Transgender youth are more likely to be homeless and live in poverty. They are more likely to experience violence, bullying, rejection, depression, and suicidal ideation. In Texas, Thomas’s home state, the governor recently instructed licensed professionals who work with children to report parents of transgender children to state authorities, who would investigate gender-affirming care such as hormone-replacement therapy as child abuse. Sports are known to build self-esteem and leadership skills, and can be especially important for trans kids, the very people who are, in many places, being deprived of these opportunities. Some people worry that restrictions put in place by the I.O.C. and the N.C.A.A. will trickle down. “The Olympics, the élite levels, are making these rules, and clubs and P.E. football and sports like that are starting to follow suit,” Bernie Compton, a doctoral candidate in leadership studies and director of soccer operations at Bowling Green State University, who works as a research assistant for Athlete Ally, told me. “At youth levels, sport is about finding yourself, and enjoyment, and building healthy lifestyles and habits. By denying trans kids that opportunity, especially because they’re in a vulnerable state when they come out, they’re trying to erase trans kids from existence.”

There are élite organizations that are working in a concerted way to be inclusive—even, potentially, at the cost of competitive fairness. Last September, the National Women’s Hockey League dropped the word “women’s” from its name and rebranded as the Premier Hockey Federation. Trans women are allowed to participate without any hormone therapy, as long as they have lived in that gender identity for two years, and trans men are allowed to participate, even after taking testosterone, provided they apply for and receive a therapeutic use exemption. Élite athletes have signed amicus briefings opposing restrictions on transgender youth and sports, and made public stands in support of trans kids. The W.N.B.A. includes least one nonbinary and trans player, Layshia Clarendon, who, a year ago, underwent top surgery, and received broad support from inside the league. On the other hand, World Rugby last year formulated a policy explicitly barring trans women from its global competitions, on the grounds that, because trans women are, on average, larger than cisgender women, it would be dangerous for them to participate. Joanna Harper was at the meeting when it happened; she disagreed with the decision, and found the process dispiriting. “Frankly, I think they had their minds made up, before they called the meeting,” she told Out magazine. “It would have been nice to have seen a trans woman rugby player there, but I doubt it would have made any difference.”

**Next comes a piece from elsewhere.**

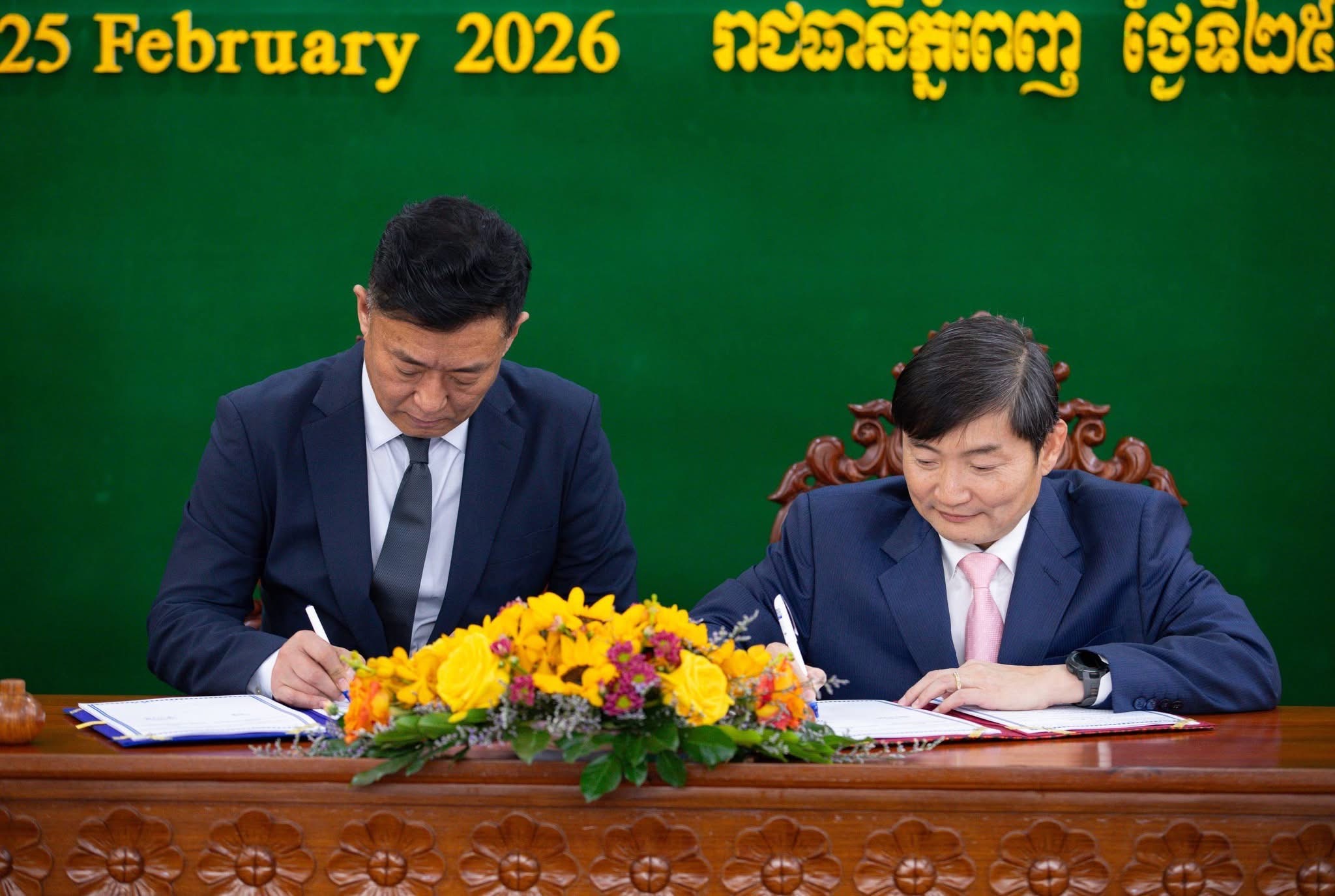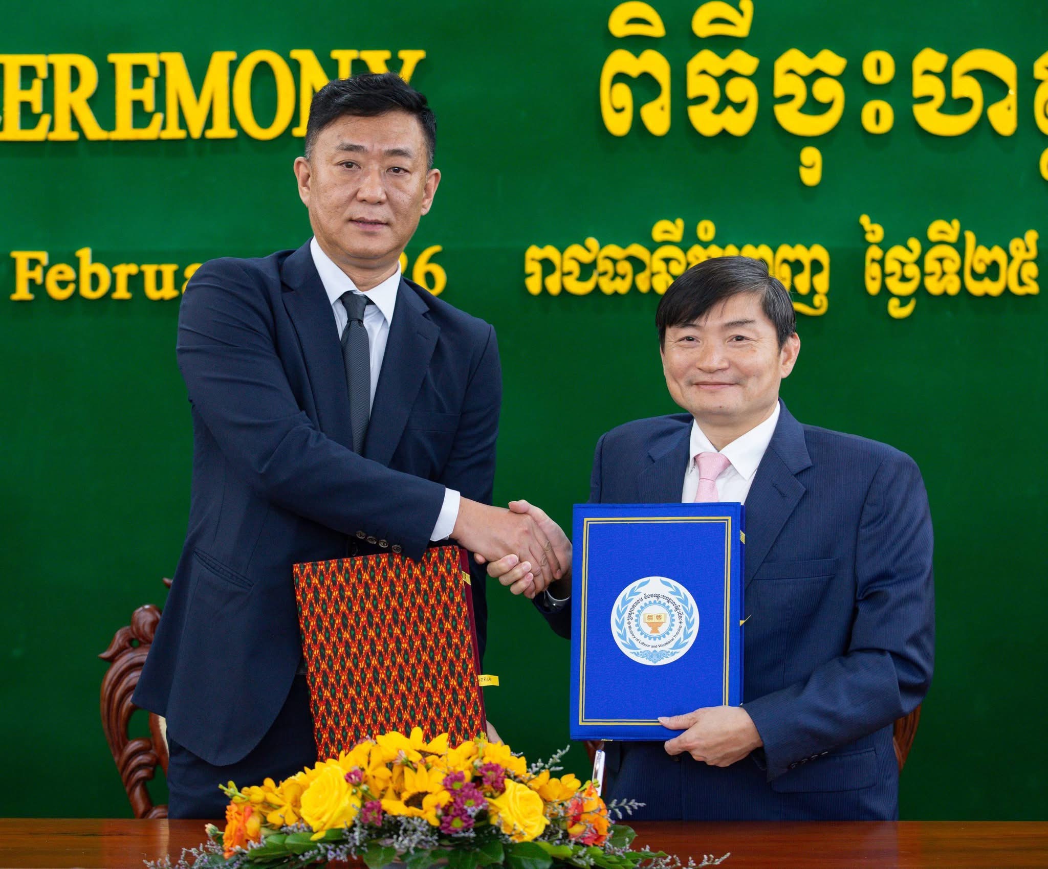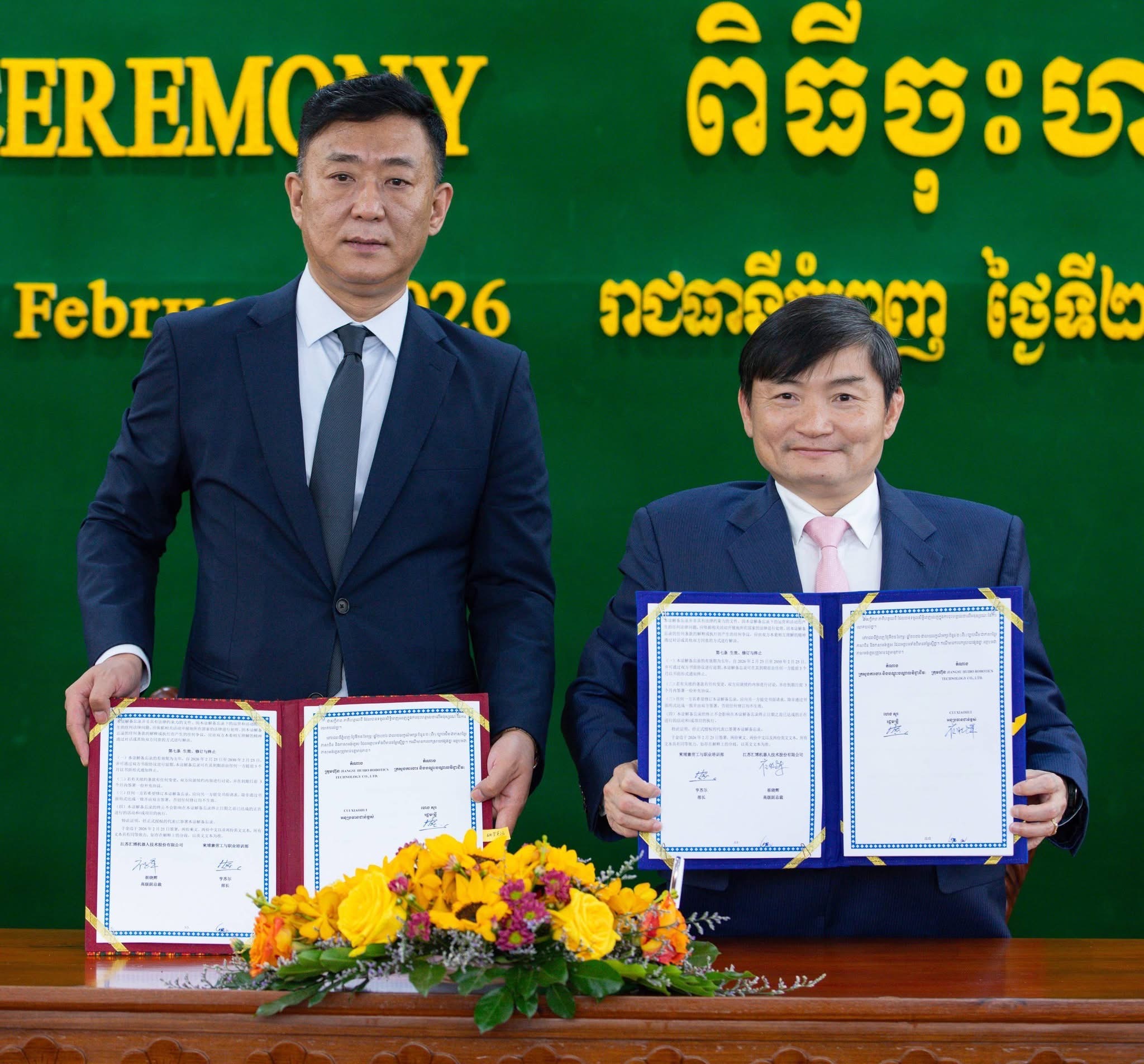 (ភ្នំពេញ)៖ ឯកឧត្ដម ហេង សួរ រដ្ឋមន្ត្រីក្រសួងការងារ និងបណ្ដុះបណ្ដាលវិជ្ជាជីវៈ និងលោក Cui Xiaohui អនុប្រធានជាន់ខ្ពស់នៃក្រុមហ៊ុន JIANGSU HUIBO ROBOTICS TECHNOLOGY CO., LTD. បានចុះអនុស្សរណៈនៃការយោគយល់គ្នា (MoU) ស្តីពី “ភាពជាដៃគូយុទ្ធសាស្ត្រក្នុងវិស័យអប់រំបណ្តុះបណ្តាលបច្ចេកទេស និងវិជ្ជាជីវៈ” នារសៀលថ្ងៃពុធ ទី២៥ ខែកុម្ភៈ ឆ្នាំ២០២៦ នៅទីស្តីការក្រសួង ក្នុងទិសដៅពង្រឹងកិច្ចសហប្រតិបត្តិការក្នុងការអភិវឌ្ឍជំនាញ ការផ្ទេរបច្ចេកវិទ្យា និងកិច្ចសហការលើសិក្សាស្រាវជ្រាវ ស្របតាមគំនិតផ្តួចផ្តើមខ្សែក្រវាត់ និងផ្លូវ និងការផ្តល់អាទិភាពជំរុញការអភិវឌ្ឍធនធានមនុស្សនៅកម្ពុជា។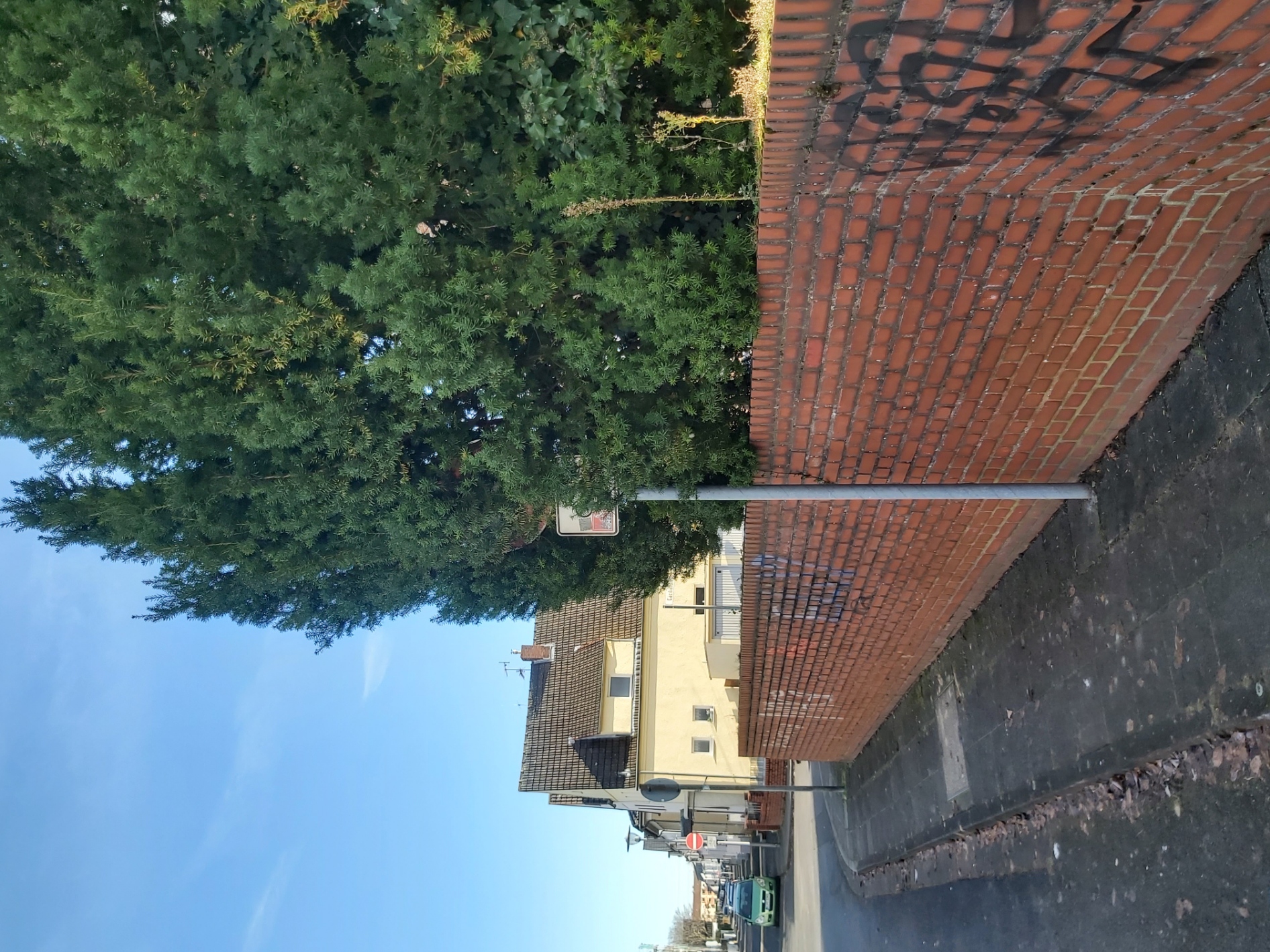 Auf dem Foto ist ein Einbahnstraßenschild nicht zu sehen, da es durch Zweige des auf dem Nachbargrundstück befindlichen Baumes verdeckt wird. Dadurch kommt es häufiger vor, dass Fahrzeuge gegen die Einbahnstraße fahren.

Both Penn and the Ivy League signalled their support of Thomas. The Penn athletic department sent reporters a statement from other members of the swim team, which seemed to imply that only a small minority of her teammates opposed her participation. Hogshead-Makar then released a letter on behalf of sixteen of Thomas’s teammates—almost half the team—who urged Penn, anonymously, not to fight for Thomas’s ability to participate if the U.S.A. Swimming rules were adopted. “It’s disgusting and it’s cruel what’s being done to Lia,” a teammate of Thomas’s, Hadley DeBruyn, told Sports Illustrated, adding, “Sometimes, this doesn’t even feel like a team.”